A company can provide multiple benefits for its employees. Examples include vision and dental plans, retirement benefit plans, long-term care insurance plans, and more. In addition, employee stock ownership plans, or ESOPs, are an exceptional benefit that companies may choose to provide.
ESOPs can motivate employees to grow and improve the business due to their direct connection with profitability. If the company is doing well and its stock is up, the employees gain value in their investments. In addition, ESOPs also offer retirement benefits for the employees by giving them partial ownership within the company.
What is an ESOP?
Essentially, an ESOP is a retirement plan provided by a company for its employees, set up as a trust fund. ESOPs are different from employee stock option plans. The stock option plans allow employees to purchase their company's stock at a set price after a given amount of time.
ESOPs provide employees with partial ownership of the company by increasing their stock holdings over time. Afterward, company stock can be sold for cash when the employee retires.
ESOPs benefit both employees, who gain partial ownership within the company, and its shareholders, which helps the company overall. In addition, they are commonly used to provide a market for any exiting owners.
Understanding ESOPs
Essentially, ESOPs are trust funds.
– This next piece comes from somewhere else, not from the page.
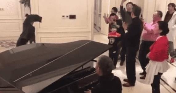 这时候,陈道明冒了出来,他觉得这事儿有点不妥当;毕竟苗苗是个演员,穿着高跟鞋,在这样的场合跳舞就不太靠谱,于是他帮忙打圆场,语气还挺激动地说:“你个大傻瓜,没见过人往那儿扭啊!”虽然陈老在旁边拼命拉人,但苗苗还是硬是把高跟鞋脱了,给大家来了一段舞蹈;陈老无奈,只好坐上钢琴边给她打着伴奏,居然还是《绒花》那调儿!

A company can contribute shares or cash directly to the trust fund, or it can borrow money to purchase additional shares.
All contributions are tax-deductible. Employees do not pay any taxes on these contributions until they exit the company, giving them the option to either sell on the market or back to the company.
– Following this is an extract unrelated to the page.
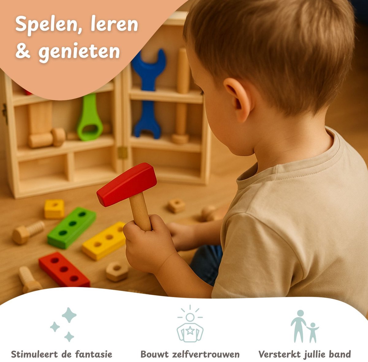 Deze houten gereedschapsset voor kinderen combineert educatief leren met eindeloos speelplezier. Door te schroeven en te timmeren ontwikkelen kinderen niet alleen hun motoriek, maar ook hun probleemoplossend vermogen. Dankzij het stevige houten ontwerp en de vrolijke kleuren is dit speelgoed tijdloos, duurzaam en leuk voor jarenlang speelplezier!
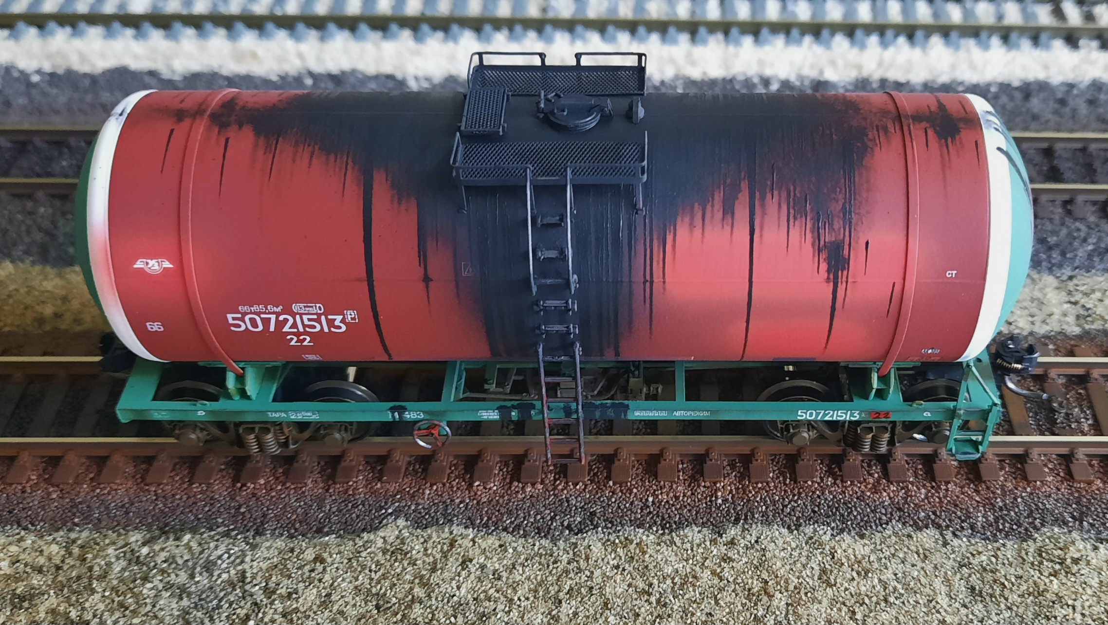 Під цей вагон тепер доведеться зістарити колії, підсадити трави та розкидати сміття на промзоні, бо на відносно нових рейках не виглядає...

Benefits of Setting Up an ESOP
ESOPs are qualified plans providing tax benefits for both the company and its participants. The main reasons a company uses an ESOP plan are the following:
- Aligns the interests between employees and shareholders. Employees have a more vested interest in the company's success because they have partial ownership. And because of this, they also want to drive up the value of the stock, which also benefits shareholders.
- Facilitates succession planning. Business owners and founders often have a significant portion of their wealth in their companies' stock. With an ESOP, an employee leaving the company, including owners and founders, can sell their stocks without hurting the company's value. Shareholders that plan on selling often use an ESOP as an effective exit strategy. This strategy allows them to sell their portion of the business to an ESOP while keeping participants in the plan to work, which benefits the entire company.
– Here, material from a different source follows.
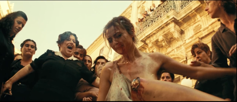 影片以1941年的某一天作为开场:墨索里尼在这一天正式向英法宣战。这座位于西西里岛的小镇笼罩在一片狂热的战争氛围当中。在纳粹充满煽动力的广播宣讲声中,民众们纷纷走上街头、进入广场,欢呼示威。好比一群乌合之众,陷入了狂热及集体无意识,而此时的小镇,就象征了一个人性试炼场,来展现出人性的阴暗面。导演在影片一开始,就突出了影片的批判讽刺意味。

- ESOPs provide tax benefits like other qualified retirement plans. These are the three significant tax benefits offered to ESOPs:
- Federal income tax - 100% ESOP-owned S corporations are not required to pay any federal income tax.
- Tax-advantaged leveraged buyout - Corporations can deduct the principal paid on an ESOP's loan to buy back the stock held by the ESOP.
- Allowance of tax deferral - This option is only available for C corporations. It allows the owner's sale of the stock to the ESOP to be structured so it can be tax-deferred.
- ESOPs give both monetary and non-monetary benefits to employees. Owning shares in the company provides employees economic ownership of the company, which increases their appreciation of its value over time. Owning shares further incentivizes employees to work efficiently to drive up the company's value. It also helps employees understand how the company's performance links to its value. Lastly, giving workers ownership of the company also improves employee retention.
Using Your ESOP
ESOP participants get an annual statement showing them the number of shares allocated to them that year and their net account balance. The number of shares typically takes the employee's overall compensation into account.
Vesting provisions are also a vital element of an ESOP. There are two types:
- Graded vesting is when a specified percentage is vested every year for a given period.
- Cliff vesting occurs when employees don't have any vested interest until they have been with the company for a specified period.
Benefit distribution methods can vary, and there are other options; however, the employee will receive equal installments of their stocks over five years. Participants will not receive the vested portion of their ESOP until either they retire, quit their job, or die. Then the individual can sell the shares back to the company or sell them on the market.